I don't know much about civil court, but the guy Jermaine punched was knocked unconscious and taken to the hospital on a stretcher. I'd imagine there are some sort of damages associated with that. But millions? I highly doubt it.

You never know though, after all this is a country where burglars have successfully sued home owners for injuries incurred while robbing their house.


----------



## Copper (Dec 9, 2004)

*pacerguy*

It is amussing that you can take any sentence and throw your own spin on it, you should be in politics. However I deal in thruths and facts. If you watch the video? you will see artest go into the stands and grab the wrong guy( correct) this is assault. You will also see Jackson come in and hammer some guy behind him while Artest is holding the innocent guy. So your take on Artest being attacked before Jackson attacks is completely false.
You say that Ben got a piece of Artest? When? Artest committed a cheap foul and Ben retaliated, This is when Artest RAN AWAY and Steven Jackson started yapping at anyone that would listen. Ben only wanted Artest, lets face it if you are gonna be a thug? why not stay there and face the music? Hell no, Artest ran as fast as he could, not to avoid punishment from the nba,,,,,but to assure that he continues to breathe for another day.
As far as you claiming Bens brother sucker punching Jones, well by your own account of Oneal standing up to protect artest, Bens brother was protecting the fans. As well, the players that entered the stands deserved to be beaten as much as the fans that got onto the court.
You are a strange breed if you think Oneals punch was sweet? A defenseless individual half his size? and he sneak attacks from behind as the guy tries to get up and flee? that image was disgraceful. Nothing short of a hooligan and I can only hope that someday it is returned to him tenfold.
I will try to enlighten you to the point you either refuse to see, or refuse to admit.
Ben kept everything on ther court........................player to player. cheap fouls and fights happen in the nba from time to time. Either the players sort it out? or the league takes care of it. BUT YOU NEVER GO INTO THE STANDS!!!!!!!!!!!!!!
How can Ben be held accountable for some idiot fan and The moron Artest????? Ben got 6 games which is pretty typical of his reaction if you go back to recent fights in the nba.
Artest being sent packing and the other suspensions levied have absolutely nothing to do with Ben.
And Oneal bringing this crap up only furthers to show he is too dumb to put the blame where it belongs. On his idiot thugs for teammates.
Respond if you want to, I am tired of saying the same things over and over. I guess we will agree to disagree....and Ill still be right....


----------



## jvanbusk (Jun 9, 2002)

*Re: pacerguy*



> Originally posted by <b>Copper</b>!
> Ben got 6 games which is pretty typical of his reaction if you go back to recent fights in the nba.

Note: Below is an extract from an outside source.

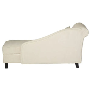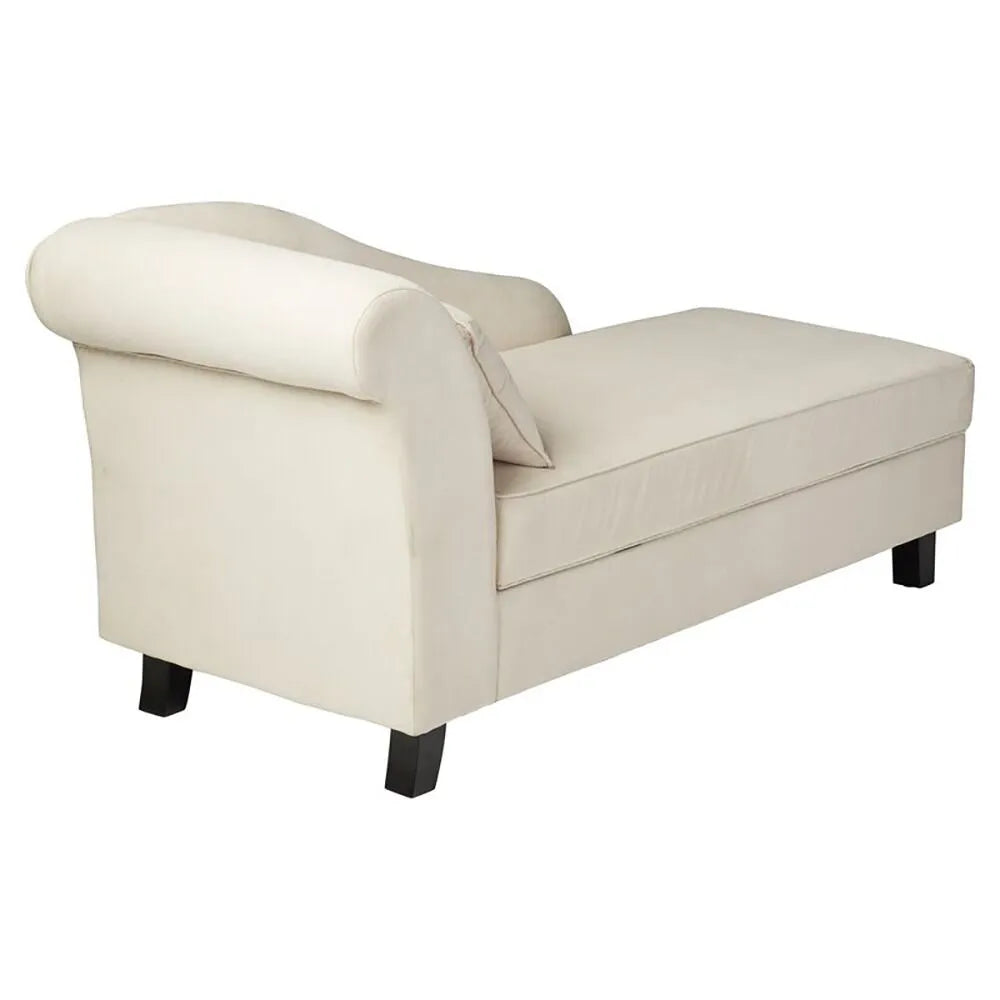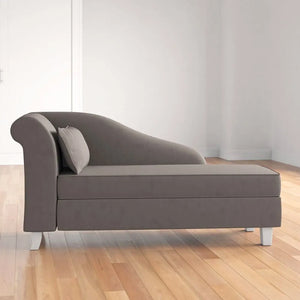 Elevate your space with this left arm chaise lounge. Expertly crafted with a classic silhouette that is simultaneously modern, this luxury piece features a sloping arm and four black finished feet for a sophisticated touch. It is upholstered in soft fabric, built with a solid wood frame, and padded with foam fill and coil spring support for ultimate comfort. Includes a toss pillow for additional comfort.

It really wasn't that typical. The NBA struck down on Ben Wallace pretty hard, for the extent of his actions.


----------



## nmuman (Nov 26, 2003)

The simple fact that PacerguyUSA says that he is bored and decides to break down every sentence further illustrates him being OWNED!!!!!

When is this guy going to realize that no one here likes him?


----------



## thrillhouse (Apr 18, 2003)

> Originally posted by <b>Midnight_Marauder</b>!
> 
> 
> Yeah at a WDFN show when they had Killer Kowalski and Roy Williams on the air...after the show Roy Williams said he was done signing autographs and this one guy wouldnt leave him alone....finally Roy went up and started to push him until Killer broke them up.....nothing was really said in the news because no punches were thrown or anything but the guy is suing Roy Williams.....Stoney and Wojo pretty much had an entire show on it back in December....
> ...


i listened to this show and i remember killer vehemently denying that williams had any phsical contact with him. He said the guy was harrasing williams for the whole show and followed him out to the car and was still shouting obcenities. then williams got of of his car and walked over to the guy, but killer steped in just in case anything was gonna go down.


----------



## PacersguyUSA (Sep 1, 2002)

*Re: pacerguy*



> Originally posted by <b>Copper</b>!
> If you watch the video? you will see artest go into the stands and grab the wrong guy( correct) this is assault.


In your first post you said attack, and now you are saying assault. Those are two different terms. You could claim that Artest assaulted the man, although that is still a stretch, seeing as Artest merely grabbed him. Artest definately did not attack the man. A teacher that grabs a student would not be charged with assault.



> You will also see Jackson come in and hammer some guy behind him while Artest is holding the innocent guy. So your take on Artest being attacked before Jackson attacks is completely false.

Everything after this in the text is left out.